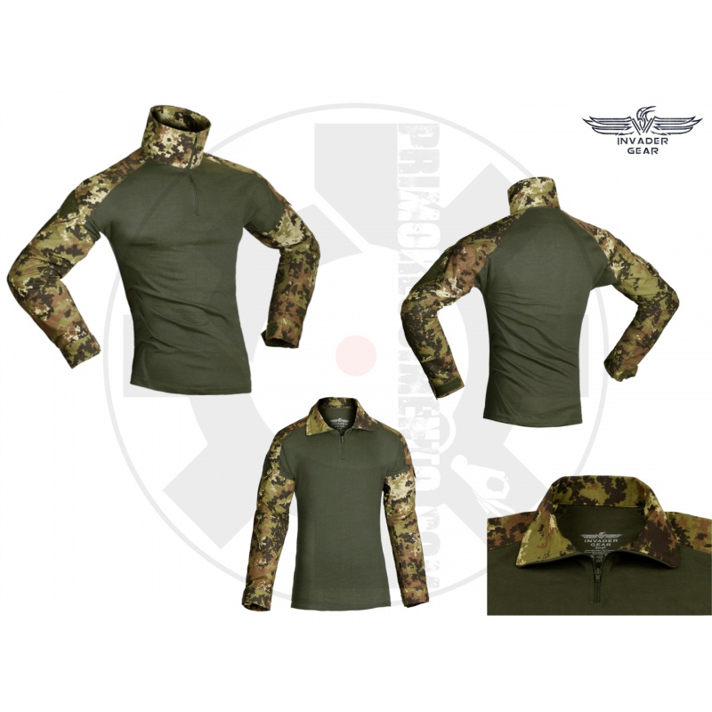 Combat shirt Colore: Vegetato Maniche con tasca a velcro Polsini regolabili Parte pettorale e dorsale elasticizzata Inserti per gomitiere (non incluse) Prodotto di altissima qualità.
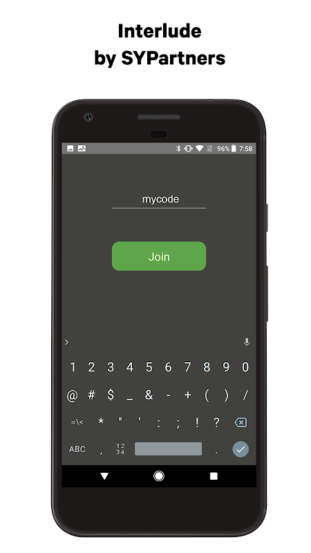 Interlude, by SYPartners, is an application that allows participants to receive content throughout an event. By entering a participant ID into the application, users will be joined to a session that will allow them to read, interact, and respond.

==

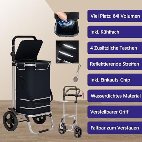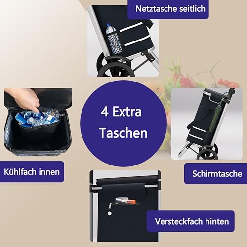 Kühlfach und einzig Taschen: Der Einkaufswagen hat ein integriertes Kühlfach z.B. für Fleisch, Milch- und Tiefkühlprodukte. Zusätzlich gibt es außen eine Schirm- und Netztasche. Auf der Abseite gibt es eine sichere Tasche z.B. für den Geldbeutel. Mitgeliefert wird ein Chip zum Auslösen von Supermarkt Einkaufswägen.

• **Task to complete**: Leaving out each picture, repeat exactly the lines above from the one that contains "Combat shirt Colore: Vegetato" through the one that contains "Interlude, by SYPartners, is".

• **Solved problem**:
 Combat shirt Colore: Vegetato Maniche con tasca a velcro Polsini regolabili Parte pettorale e dorsale elasticizzata Inserti per gomitiere (non incluse) Prodotto di altissima qualità.
 Interlude, by SYPartners, is an application that allows participants to receive content throughout an event. By entering a participant ID into the application, users will be joined to a session that will allow them to read, interact, and respond.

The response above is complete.